Hans Leyendecker sorgte bei der Preisverleihung für einen Eklat
Hans Leyendecker sorgte bei der Preisverleihung für einen Eklat
Investigativ-Legende Hans Leyendecker von der „Süddeutschen Zeitung" lehnt seinen „Henri" höflich ab! Weil nicht nur er und sein „SZ"-Team für die beste investigative Leistung ausgezeichnet wurden (für die Aufdeckung der „Formel-1-Affäre" bei der Bayern LB) - sondern auch Springers „Bild" (für den ersten Beitrag über den Privatkredit und die mögliche Parlamentstäuschung des damaligen Bundespräsidenten Wulff). „Wir möchten mit ,Bild‘ nicht in einer Kategorie ausgezeichnet werden und möchten den Preis nicht annehmen", so Leyendecker zu Moderatorin Judith Rakers. Gegen die "Bild"-Kollegen richte sich die Entscheidung aber nicht, so der "SZ"-Mann. Sondern gegen das Jury-Urteil.
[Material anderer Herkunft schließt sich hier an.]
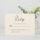 Whimsical minimalistic modern, customizable black script typography with light beige background elegant RSVP response card invitation. The light beige background with black calligraphy adds a touch of classic elegance.

Zum achten Mal wurden die Henri-Nannen-Preise jetzt verliehen, und noch nie war „Bild" dabei. Schon im Vorfeld, nach der Nominierung auf die Shortlist, gab es dafür heftige Kritik. Darf „Bild" überhaupt so einen Preis erhalten? Ein Boulevardblatt? Manch einer in den feinen, intellektuellen oder selbst ernannt politisch korrekten Hamburger, Berliner und Münchner Medienkreisen meint anscheinend: nein. Oder hätte die Jury den Mut aufbringen sollen, sich nur für einen von beiden Titeln zu entscheiden, statt den Award diplomatisch zu teilen? Dass auch „Bild" gekürt werde, sehe er ein Stück weit als „Kulturbruch", so Leyendecker. Er und seine Kollegen jedenfalls wollten sich den Preis nicht mit dem Boulevardblatt teilen.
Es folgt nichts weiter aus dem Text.